Kapelinski riesce a infondere tensione nel suo mondo oscuro, sincronizzando i momenti di catarsi del personaggio con quelli del pubblico, attraverso leitmotif visuali i cui significati slittano nel corso del film, come il cavallo che vediamo dapprima in un film porno, poi riappare come un giocattolo e una maschera di Halloween, e alla fine si trasforma in un possibile salvatore.

La superba colonna conora di Nathan W Klein, per lo più fatta di musica d'organo, fornisce alla narrazione un forte telaio su cui poggiarsi, ammorbidendo allo stesso tempo gli eventi duri che i personaggi sperimentano. Butterfly Kisses è accompagnato dalla voce off di Kyle, mostrando l'intenzione del regista di distanziare il suo punto di vista dal tema oscuro che affronta e di trasformarlo in una storia sulle difficoltà del crescere.

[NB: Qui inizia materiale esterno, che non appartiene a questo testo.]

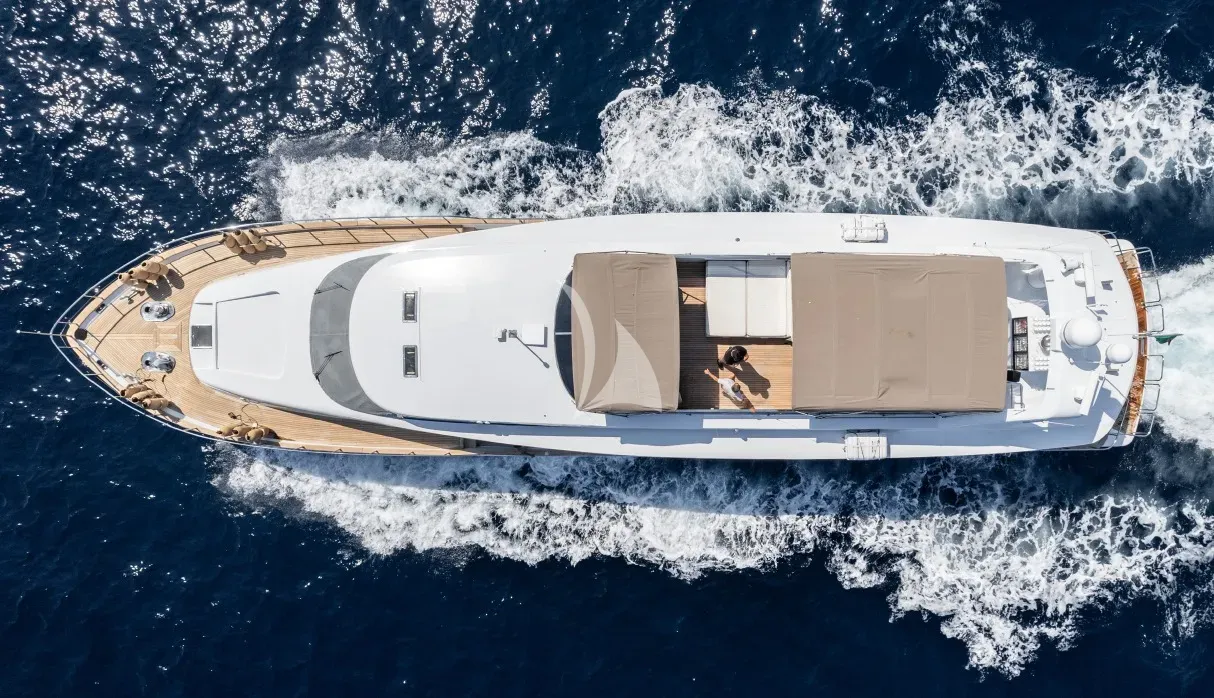 FAITH is a Tecnomar motor yacht built for guests who value refined simplicity and assured capability. Her design balances open social spaces with intimate private quarters, allowing each day to unfold naturally across the Côte d'Azur. The flybridge commands panoramic views along the coast near Cannes, while the teak-appointed interior and expansive windows create a sense of openness throughout the saloon and dining areas.

L'esordio di Kapelinski è una storia molto fluida raccontata con una straordinaria chiarezza e un'estetica ricercata, che riunisce diversi linguaggi cinematografici per rendere il film un’opera ben fatta di realismo poetico.

Butterfly Kisses è prodotto dalla britannica Blue Shadows Films ed è gestito a livello internazionale dalla società di base a Berlino m-appeal.